IASME now oversees a large number of Certification Bodies based around the UK, all of which have qualified assessors able to certify businesses looking to achieve the certification.

3. Cyber Essentials is the only UK Government Cybersecurity Standard
Although there are other cyber certifications available, Cyber Essentials is the only scheme designed and backed by the UK Government. Holding the certification is a mandatory requirement for any business bidding on UK Central and Local Government, and Ministry of Defence (MOD) contracts. 

Although a UK standard, business outside of the UK can and are Cyber Essentials certified.

4. There are Two Levels to the Cyber Essentials Scheme
The scheme is designed with small-medium sized businesses in mind, offering a low cost and straightforward way to start their cybersecurity journey, protecting UK businesses from the most common cyber threats. 

To make the scheme more flexible, the are two levels, Cyber Essentials and Cyber Essentials Plus. 

• Cyber Essentials requires the five basic security controls to be assessed and recorded on an IASME provided secure web portal, with a qualified assessor verifies the information provided. This simple self-certification costs around £300. 
• Cyber Essential Plus (CE+) provides a higher level of assurance than the regular Cyber Essentials, so suites business striving to further demonstrate their cybersecurity posture to clients. Some clients may even require CE+ certification for their security assurance via a contractual clause.  The CE+ assessment process requires an external assessor to evidence and verify the five Cyber Essentials controls and requirements. The cost of a CE+ assessment will depend on the size and complexity of your business' IT network.
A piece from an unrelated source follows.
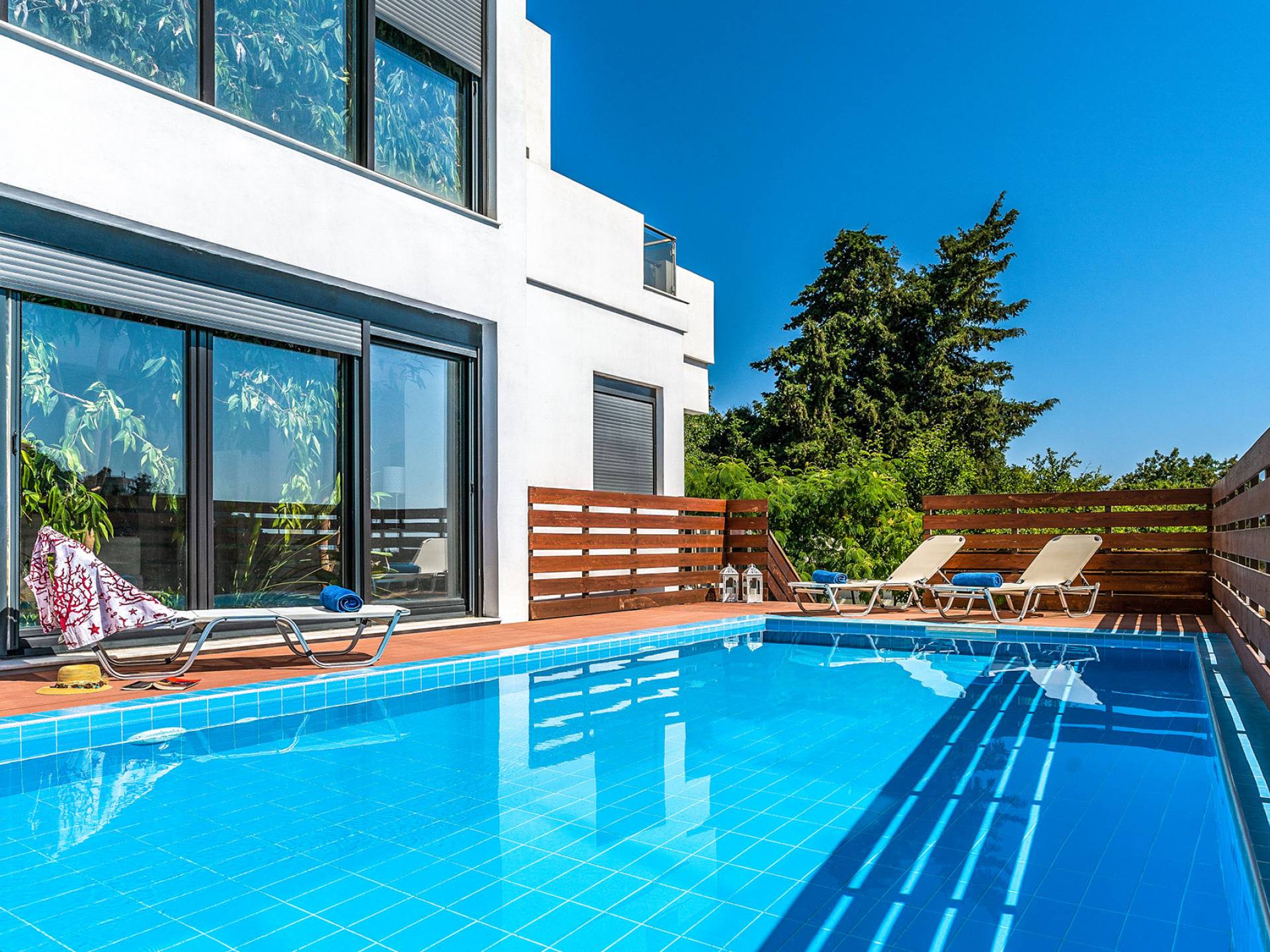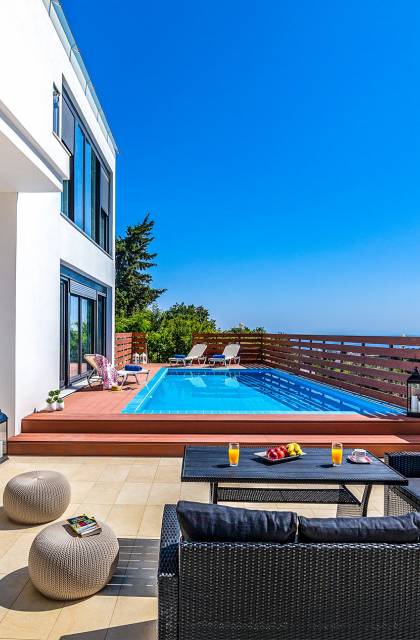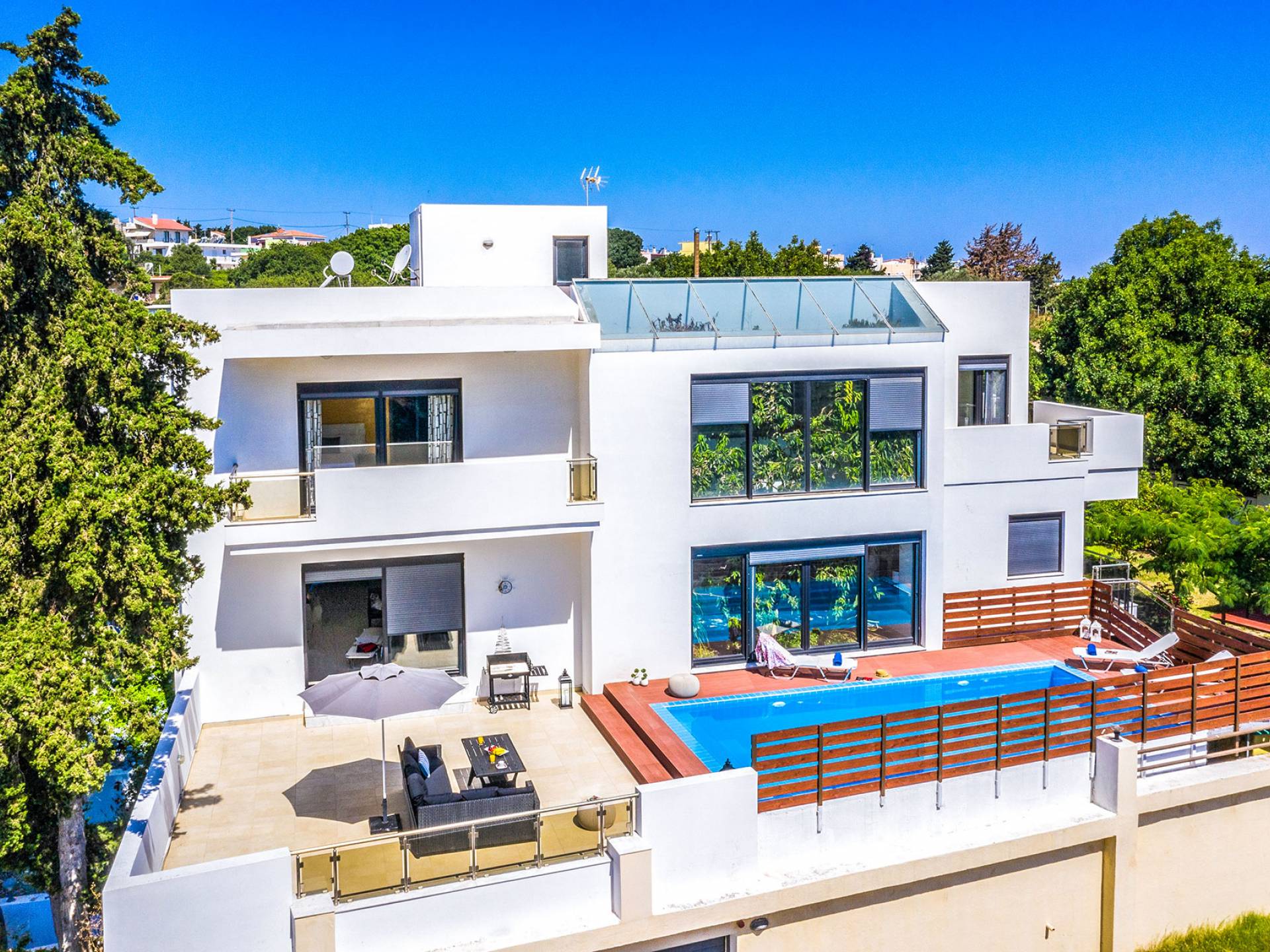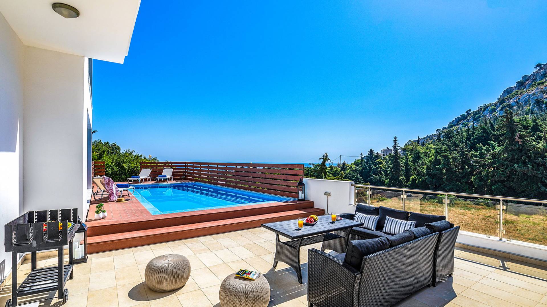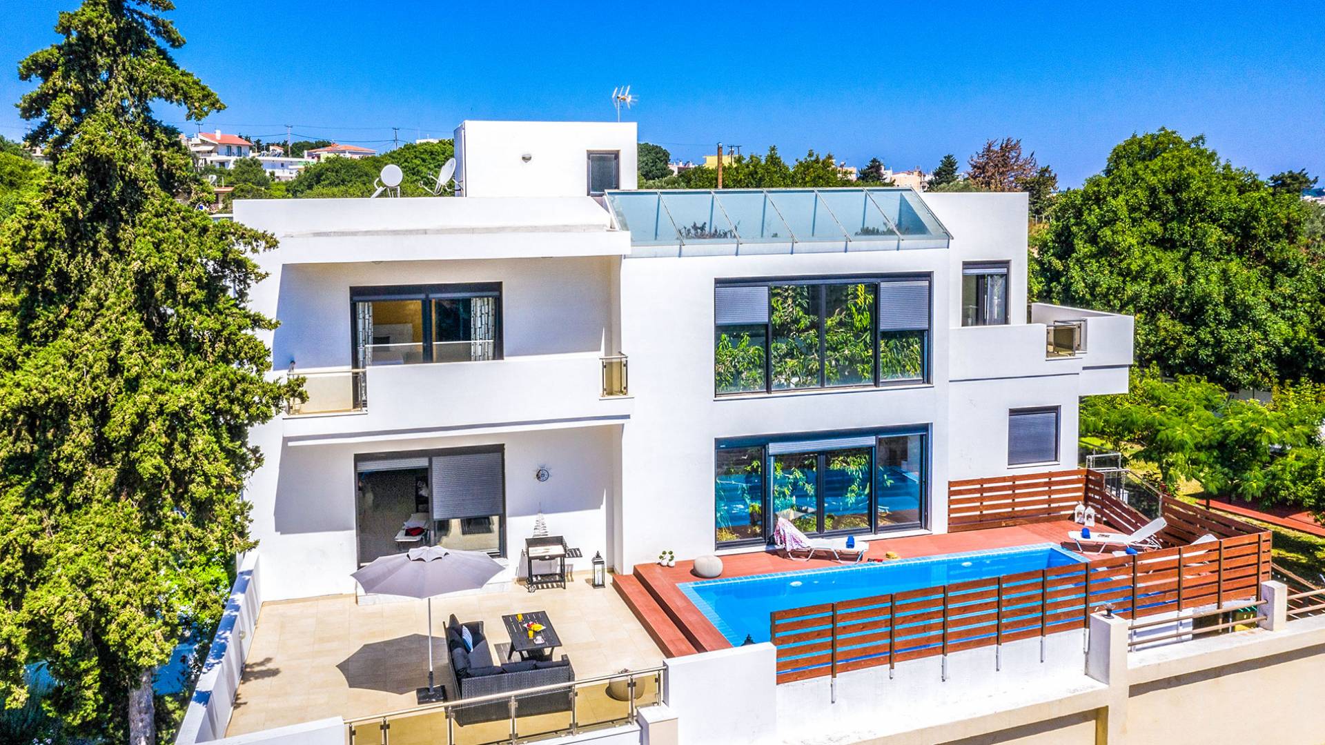 La villa è altrettanto imponente e offre ampi giardini ben curati con un'area piscina attrezzata con ombrelloni e lettini, che creano l'ambiente perfetto per un momento di relax sotto i raggi dorati del sole greco. La casa dispone inoltre di ampie verande sia al piano terra che al primo piano con splendida vista sulla zona circostante, ideali per rilassarsi al mattino o alla sera. La villa offre anche un barbecue completamente attrezzato con un'area salotto in giardino, dove gli ospiti possono vivere un'esperienza culinaria all'aperto davvero unica.

5. Cyber Essentials has to be Renewed every 12 months
Cyber Essentials certifications must be renewed every year, to demonstrate the business is still aligned with the standard requirements. However, despite certification requiring passing a point-in-time security assessment, it is important that the cyber essentials security requirements are continually met. This is comparable to taking in your car for an MOT, your car may be deemed road-safe on the day it passed all the MOT checks, but if the car becomes no longer road worthy a couple of weeks later, then the MOT certificate provides no protection for your car being both safe and legal to use on UK roads. Therefore, with Cyber Essentials, you must constantly verify compliance with the security requirements outside of the annual certification process, else your business will not benefit from the protection the security controls provides.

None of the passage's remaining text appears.